Lewis eventually left The Actors Studio over differences with Kazan and Crawford involving the production of a play (later resolved) and a desire to concentrate on his burgeoning directorial career on Broadway. Indeed, 1947 saw the opening of his first big commercial Broadway hit, Alan Jay Lerner's Brigadoon.

Years after Lewis' departure, Lee Strasberg was asked to join the studio. Years later, Lewis differed with Strasberg over certain particulars of The Method – as did others. Despite any such differences, The Actors Studio flourished under Strasberg's leadership and he became artistic director several years later, a position he maintained until his death.

The Actors Studio, which is still active today, became one of the leading centers for the Stanislavski System, or Method, of dramatic training, producing some of the most influential performers in American theatre and film in the later half of the 20th century.

==Broadway==
With the critical and commercial success of Brigadoon (1947), Robert Lewis was on his way to becoming one of the Great White Way's most respected directors.

Among the plays directed by Robert Lewis were:
My Hearts in the Highlands (1939) by William Saroyan;
Brigadoon (1947) by Alan Jay Lerner;
Regina (1949);
The Happy Time (1950);
An Enemy of the People (1950);
The Grass Harp (1952);
The Teahouse of the August Moon (1953), winner of the Tony Award for Best Play and New York Drama Critics' Circle Award for Best Director;
Witness for the Prosecution (1954) from Agatha Christie;
Mister Johnson (1956);
Jamaica (1957);
The Hidden River (1957);
Handful of Fire (1958);
Chéri (1959);
Kwamina (1961);
Foxy (1964);
Traveller Without Luggage (1964);
On a Clear Day You Can See Forever (1965); and
Harold and Maude (1980).

==Method — Or Madness?==
By the 1950s, Stanislavski's ideas on acting technique had become very popular in America. In his memoirs, Lewis notes that widespread adoption had also fostered widespread confusion and misinformation, both among its defenders and its detractors. There were many different proponents and many different interpretations, some successful and some less so, all lumped together under the popular moniker of "The Method".
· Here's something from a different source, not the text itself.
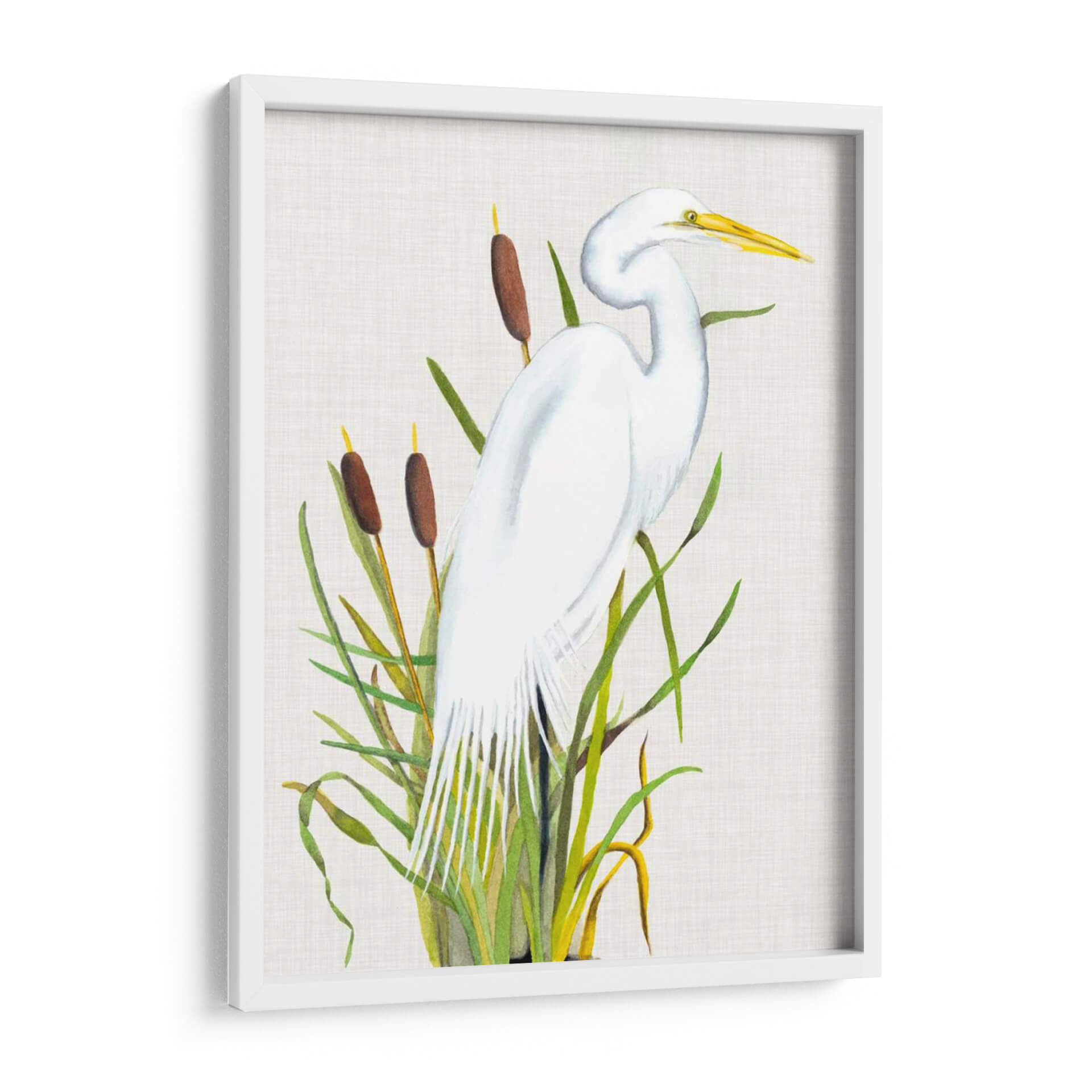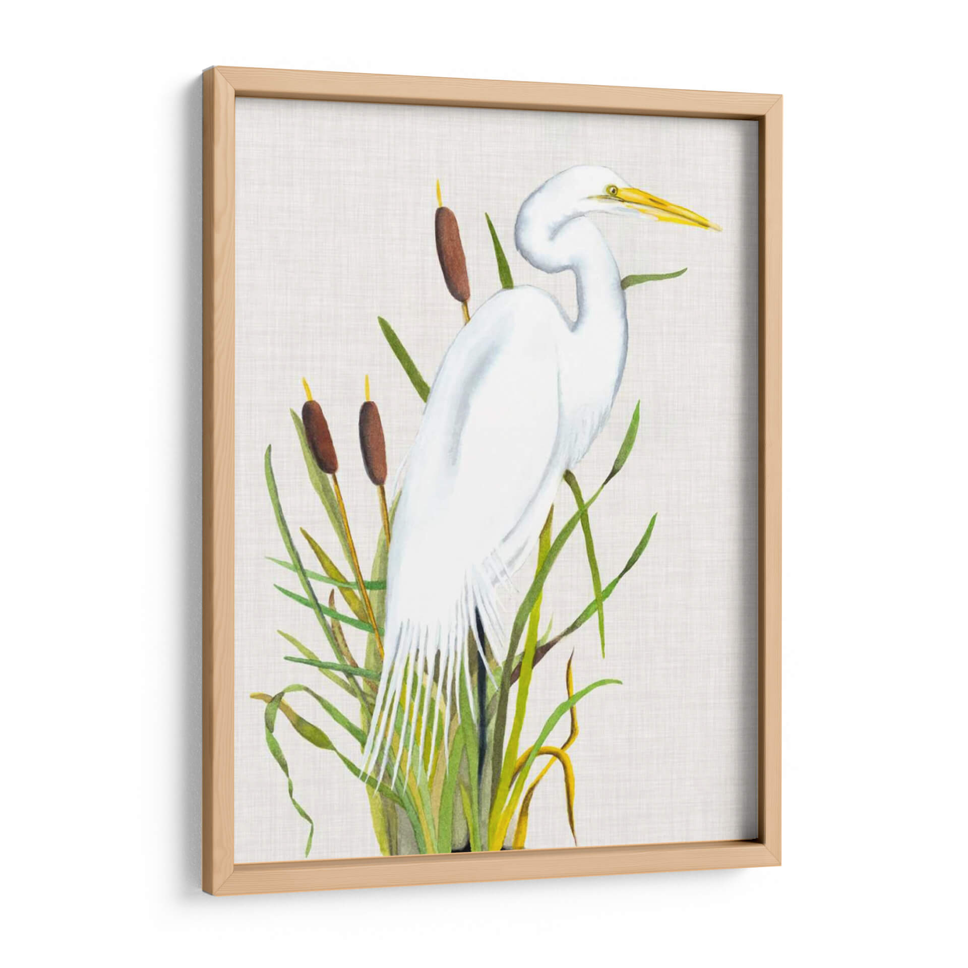 Captura la serenidad de la naturaleza en tu hogar con "Pasas De Agua Y Cattails Iii", una exquisita obra de arte de Naomi McCavitt. Este cuadro decorativo presenta un majestuoso garza blanca posada entre juncos y espadañas, una escena que evoca calma y la belleza serena de los humedales. Los delicados trazos de acuarela dan vida a las plumas blancas y relucientes del ave, contrastando elegantemente con los tonos verdes vibrantes de la vegetación y los marrones terrosos de las espadañas. La paleta de colores, dominada por blancos puros, verdes naturales y toques sutiles de amarillo en el pico del ave, crea una atmósfera de tranquilidad y armonía. La composición centra la atención en la elegante figura de la garza, invitando a la contemplación y a la conexión con el mundo natural. Ideal para espacios que buscan un refugio de paz, como dormitorios, estudios o salas de estar, este cuadro decorativo es una ventana a un paisaje tranquilo. Integra esta pieza para añadir un toque de elegancia natural y sofisticación a tu decoración, transformando cualquier ambiente en un santuario de calma.
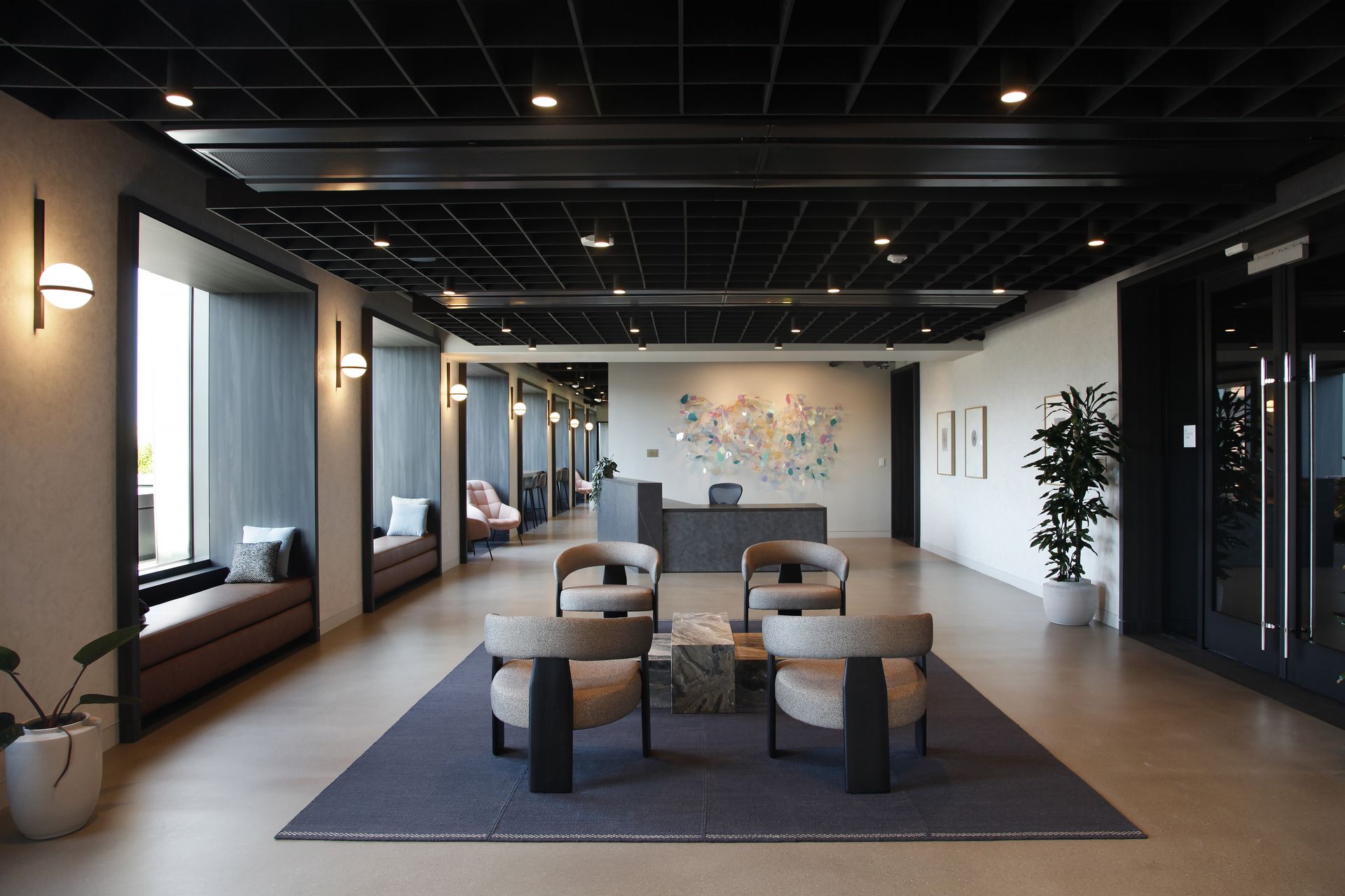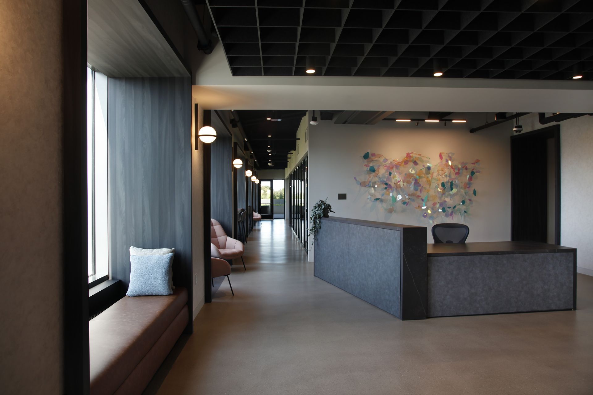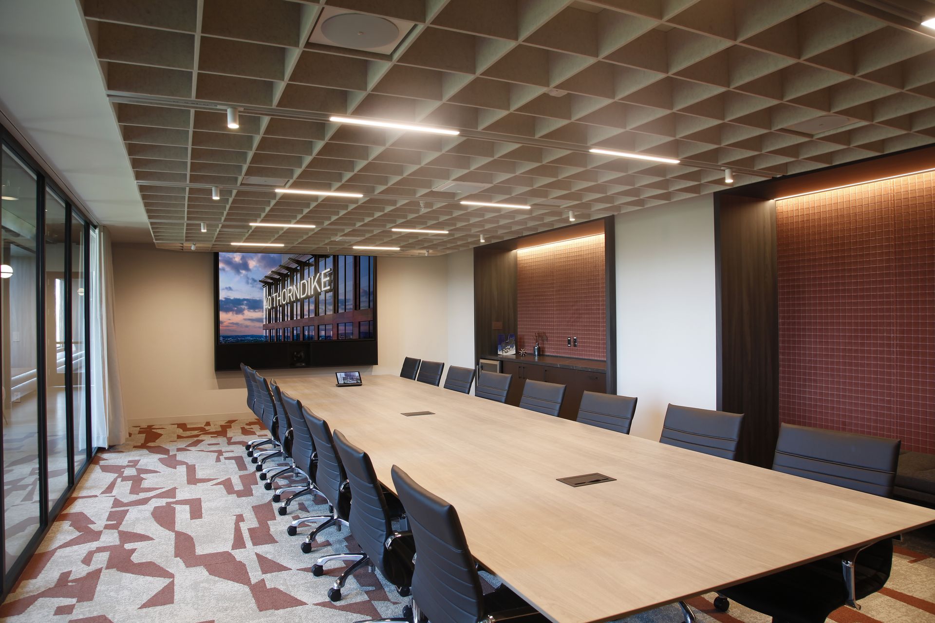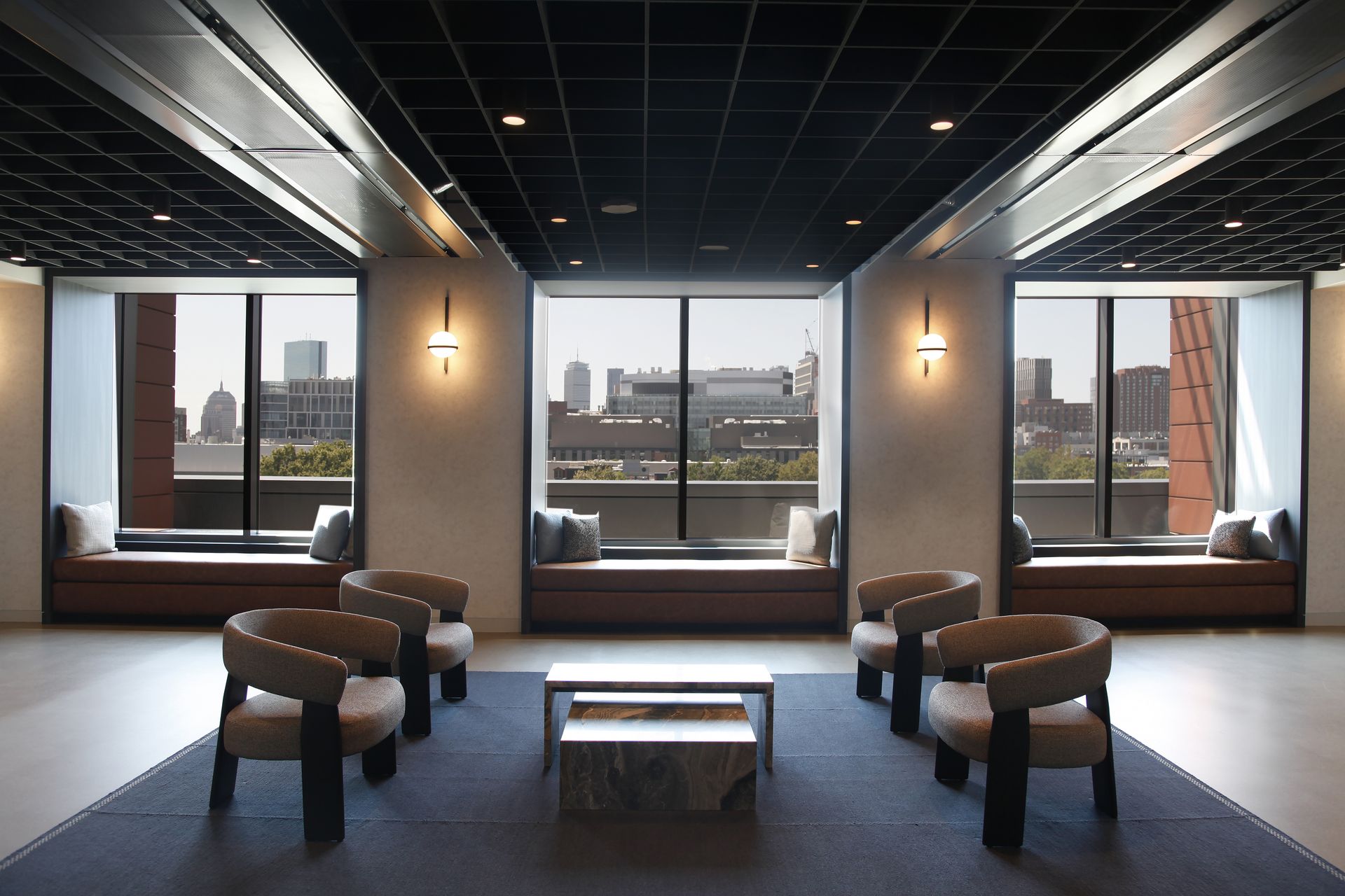 The former Cambridge city brutalist courthouse and jail has been transformed into a vibrant Class A office building, requiring top-tier amenity spaces to compete in a crowded market. Leggat McCall Properties tasked Studio Troika with designing 11,500 square feet of 5th floor meeting spaces and lounge that creates a distinct identity for the building.

On the stage of the Playhouse Theatre in New York City, at 11:30 p.m. on the evening of Monday, April 15, 1957, Robert Lewis presented the first of eight lectures to professional actors, directors and playwrights on the subject of what, exactly, Method acting is and is not. There were some 5,000 written applications to attend the lectures.

In an attempt to clear the air surrounding Method acting, one of Lewis' points revolved around the idea that there are many facets of an actor's preparation and Stanislavski intended that the actor prepare internally and externally, rather than relying exclusively, or too heavily, upon internal techniques such as affective memory. Opponents of Method acting complained of a "generation of mumblers", whose acting conveyed the truth of the actor but not necessarily the truth of the character on the stage. Lewis felt that such performances were the result of an unfortunate misinterpretation of Stanislavski's ideas.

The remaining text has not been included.